EXERCISE DIRECTIONS ▸
Repeat the listing exactly. Any picture in it should be left out of the copy.

RECORDED DATA ▸
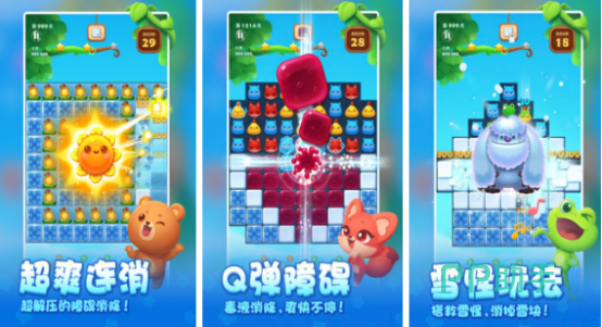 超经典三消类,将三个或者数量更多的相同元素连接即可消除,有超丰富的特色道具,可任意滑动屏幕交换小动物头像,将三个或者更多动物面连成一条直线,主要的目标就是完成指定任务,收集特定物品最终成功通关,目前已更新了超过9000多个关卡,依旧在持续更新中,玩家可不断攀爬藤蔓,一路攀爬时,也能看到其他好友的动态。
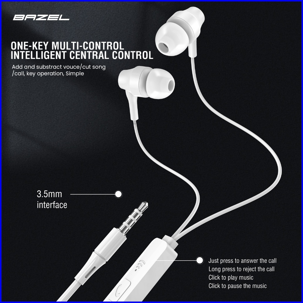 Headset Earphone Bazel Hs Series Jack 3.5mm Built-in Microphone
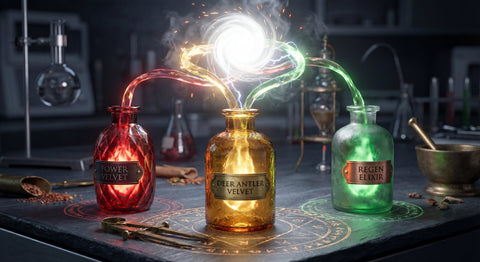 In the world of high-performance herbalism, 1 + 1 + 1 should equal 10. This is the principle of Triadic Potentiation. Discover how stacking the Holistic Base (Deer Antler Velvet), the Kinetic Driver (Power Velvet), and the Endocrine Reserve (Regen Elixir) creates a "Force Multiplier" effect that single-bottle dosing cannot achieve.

COMPLETED TASK ▸
 超经典三消类,将三个或者数量更多的相同元素连接即可消除,有超丰富的特色道具,可任意滑动屏幕交换小动物头像,将三个或者更多动物面连成一条直线,主要的目标就是完成指定任务,收集特定物品最终成功通关,目前已更新了超过9000多个关卡,依旧在持续更新中,玩家可不断攀爬藤蔓,一路攀爬时,也能看到其他好友的动态。
 Headset Earphone Bazel Hs Series Jack 3.5mm Built-in Microphone
 In the world of high-performance herbalism, 1 + 1 + 1 should equal 10. This is the principle of Triadic Potentiation. Discover how stacking the Holistic Base (Deer Antler Velvet), the Kinetic Driver (Power Velvet), and the Endocrine Reserve (Regen Elixir) creates a "Force Multiplier" effect that single-bottle dosing cannot achieve.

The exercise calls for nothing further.